Accomplishments that we're proud of

We built true edge AI. This isn't a laptop running inference and calling it "edge" — the model runs directly on the Qualcomm processor, and the device works completely offline. Unplug the ethernet, turn off WiFi, and it still protects. We designed for privacy from day one. Zero video uploads, zero cloud dependencies. The architecture makes it impossible for video to leave the device, not just a policy that says we won't. We actually used both processors on the UNO Q for their intended purposes. A lot of projects just run Arduino sketches on the MCU and ignore the MPU, or run everything on Linux and ignore the MCU. We coordinated both: ML inference on the brain, real-time control on the reflexes. The physical button matters more than it might seem. If our software crashes, if the network goes down, if anything goes wrong, grandma can still press a button and make the buzzer stop. Safety shouldn't depend on WiFi. And our model hit 93% accuracy, which we're genuinely proud of given the time constraints and the messiness of real-world fall data.

What we learned

Development — Working with the UNO Q taught us how to coordinate between a Linux application processor and a real-time microcontroller. The RouterBridge abstraction is powerful but has its own learning curve. Edge ML Deployment — Training a model is one thing; deploying it on constrained hardware is another. Edge Impulse's optimization pipeline was crucial for getting acceptable performance on the QRB2210. Privacy-First Architecture — Designing for privacy from the start is much easier than adding it later. Every architectural decision we made considered: "what data leaves the device?" Hardware-Software Co-Design — The physical button, buzzer, and LED matrix aren't afterthoughts — they're core safety features. Software fails; hardware provides a fallback.
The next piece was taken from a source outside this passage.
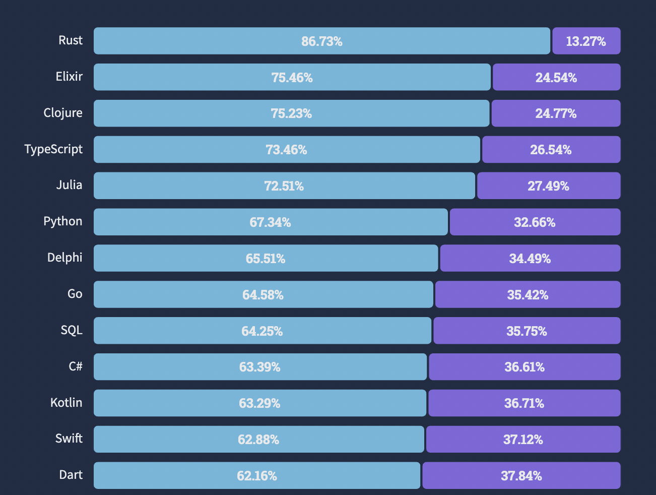 우선 긴 말 필요없이 StackOverflow 설문조사 자료를 통해 확인할 수 있었던 것은 Rust가 7년 연속 가장 개발자들에게 사랑받는 언어라는 것이다. 7년 그것도 무려 7년이나!🤨 작년 말 드넓은 개발세계를 맛본 뒤로 굉장히 스스로를 우물 안 개구리라고 생각하게 되었고, 현실에 안주하는 삶을 살아오고 있었다는 것을 느끼게 되었었다. 본디 천성이 안정적이고 평범한 삶을 사는 것을 원하는 사람이지만, 평범하게 사는 것도 어려워진 세상에서 과연 내 인생의 모토가 얼마나 효과적인 원동력이 될 것이라는 생각을 한 터일 테다. 안주하는 삶을 살고 싶진 않았기에, 보다 평범한 삶을 효과적으로 누리기 위해 본격적으로 내 직업적 스킬을 늘리겠다고 다짐하게 되었고 Rust가 왜 사랑받는 언어인지를 찾아보게 되었다.

What's next for UnderWatch

UnderWatch 2? We want to improve the tracking system by extracting actual bounding box coordinates from the model, rather than estimating position from classification confidence. This would let the servo tracking follow the person more precisely. Adding two-way audio would let family members talk to the elder during Stage 2, potentially calming them down and preventing unnecessary emergency calls. Longer term, we're interested in analyzing movement patterns over time to detect gradual mobility decline, catching problems before they become falls. And we plan to open-source everything so other families can build their own privacy-respecting monitoring systems without paying subscription fees.